General Information |
|
One of the most basic problems in vision is to use images to recognize that a particular object or event that we’ve never seen before belongs to a particular class of objects or events. To do this we must have a rich notion of what an object is, that can capture what is common in them. For example, chairs vary tremendously in their shape and material properties. How do we look at a chair we’ve never seen before and identify it as a chair? Accounting for this variation in recognition is largely an unsolved problem. In this course we will survey a number of approaches to representing and recognizing objects. We will draw inspiration by looking at work from philosophy, psychology, linguistics, and mathematics. However, our primary focus will be more concrete, to learn the algorithms and analytic tools that have been applied in visual object classification.
First we will study approaches based on the idea that objects can be described by a set of necessary and sufficient image properties. This has taken the form of invariant representations. We will study the advantages and limitations of geometric and photometric invariants. Second we will consider classification approaches based on powerful similarity measures. These include methods of shape comparison, deformable template matching, and lighting insensitive matching. Third we will consider methods that attempt to represent the images of classes of objects using subspaces. This includes approaches based on PCA, linear combinations, and manifold representations of classes. Fourth, we will look at approaches to building generative models of classes, including the use of hidden markov models and pattern theory. Finally, we will consider the idea of building classifiers directly, without explicit representations of the class, using methods such as support vector machines, Winnow, and naïve Bayes.

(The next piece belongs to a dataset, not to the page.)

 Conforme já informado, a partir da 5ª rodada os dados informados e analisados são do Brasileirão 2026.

The class will alternate between lectures teaching the basic mathematical and algorithmic techniques of these methods, and student-led discussion of vision research papers that apply these techniques. It will be essential for students to have a solid understanding of basic topics in math, such as linear algebra, probability and statistics, and calculus. It will also be useful to have some knowledge of computer vision, image processing, functional analysis, stochastic processes, or geometry. In general, the more math a student knows, the easier the course will be.

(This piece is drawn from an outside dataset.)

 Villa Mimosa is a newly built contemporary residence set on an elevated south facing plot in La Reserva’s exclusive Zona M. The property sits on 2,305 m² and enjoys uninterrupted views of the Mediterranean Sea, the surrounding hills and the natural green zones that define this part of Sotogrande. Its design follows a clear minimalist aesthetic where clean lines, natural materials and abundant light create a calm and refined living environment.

Here is my current plan for the workload of the class. This may change prior to the first day of class.
1) Reports. There are 15 classes scheduled for the presentation of papers. Prior to each of these classes, students must turn in a one page summary and critique of one of the papers to be discussed. Late papers will not be accepted, since the goal of these reports is to get you to think about papers before we discuss them. However, each student need only turn in reports for 12 of these classes. 20% of grade
2) Presentation. Students will be assigned in pairs to present (usually) two papers in one class. This will be a substantial part of the grade. Presentations should be well prepared. If enrollment is low enough, students may be expected to do this twice. 20% of grade
3) Midterm and Final. These will be based on material from the lectures. 40% of grade
4) Project. Student will choose one: 20% of grade
a) Write a detailed, paper, approximately five pages in length, proposing research that extends or adapts one of the approaches discussed in class. You may choose to base this on the papers you have presented.
b) Programming project: student will implement a technique discussed in class, and apply it to some real data. This is not meant to be a research project, but something closer to an extended problem set.
The schedule below is probably overly ambitious, so expect that we won't get to a couple of these classes. Pairs of students will lead the discussion of papers, as indicated. There will probably not be enough students to lead all these classes, so I will lead discussion for any extras. Classes October 14 and 16 will have to be rescheduled, due to the International Conference on Computer Vision.
Class |
Presenters | Topic | Background Reading |
1. 9/2 | Jacobs | Introduction (view as web page). | |
2. 9/4 | Jacobs | Paper Presentation: (view
as web page).
Students must review (a) or (b). a. Women, Fire and Dangerous Things by Lakoff, Chapters 1 and 2. On reserve. b. S. Laurence and E. Margolis, ``Concepts and Cognitive Science'', in Concepts edited by E. Margolis and S. Laurence, MIT Press, 1999. On reserve. c. L. Wittgenstein, Philosophical Investigations, sections 65-78. On reserve. |
|
3.9/9
|
Jacobs | Lecture: Affine and projective geometry and invariants. |
Introduction to Projective Geometry, C.R.
Wylie, McGraw-Hill Book Co., 1970. Y. Lamdan, J. T. Schwartz, and H. J.
Wolfson. Affine invariant model-based object recognition. IEEE
Journal of Robotics and Automation, 6:578--589, 1990 I. Weiss. Geometric Invariants and
Object Recognition. Intl. J. Computer Vision, 10:207--231, 1993 J. Burns, R. Weiss, and E. Riseman, ``The
Non-Existence of General-Case View-Invariants’’, in Geometric
Invariance for Computer Vision, edited by J. Mundy and A. Zisserman,
MIT Press, 1992 Moses, Y. and Ullman, S. (1992).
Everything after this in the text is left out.